Pour ceux que la géopolitique intéresse et qui lisent l’anglais, je recommande ce livre majeur :

THE IMPROBABLE WAR, China, the United States & the Logic of Great Power Conflict

L’auteur, Christopher Coker, enseigne les relations internationales à la London School of Economics. Le livre est publié chez HURST, à Londres.

La thèse est la suivante : à force de considérer la guerre comme très improbable, les grandes puissances se comportent de manière telle qu’elles y conduisent de manière irréversible.
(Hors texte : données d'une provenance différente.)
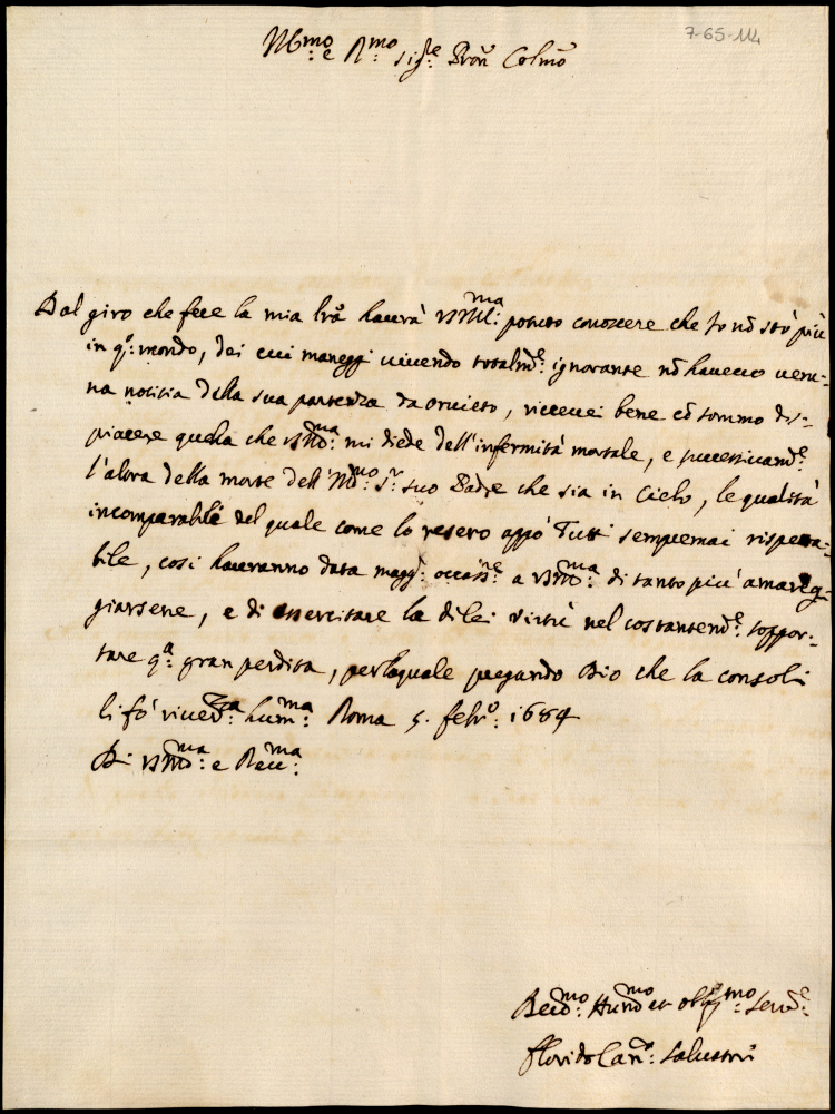 Lettere a Giovanni Francesco Albani per la morte del padre Carlo

S’appuyant sur les préludes de la Première Guerre Mondiale et rappelant, sources historiques à l’appui, combien la guerre paraissait alors improbable avant l’attentat de Sarajevo, il fournit de multiples informations et analyses sur les relations, aujourd’hui, entre la Chine et les USA et les risques de guerre qu’elles recèlent.

Même si l’auteur avoue un parti-pris favorable à l’égard des USA, qui seraient, selon lui, protégés contre eux-mêmes et le complexe militaro-industriel par leur démocratie interne, il reconnaît le danger de guerre que contient la volonté de la première grande puissance du monde à refuser l’évolution vers un monde multipolaire.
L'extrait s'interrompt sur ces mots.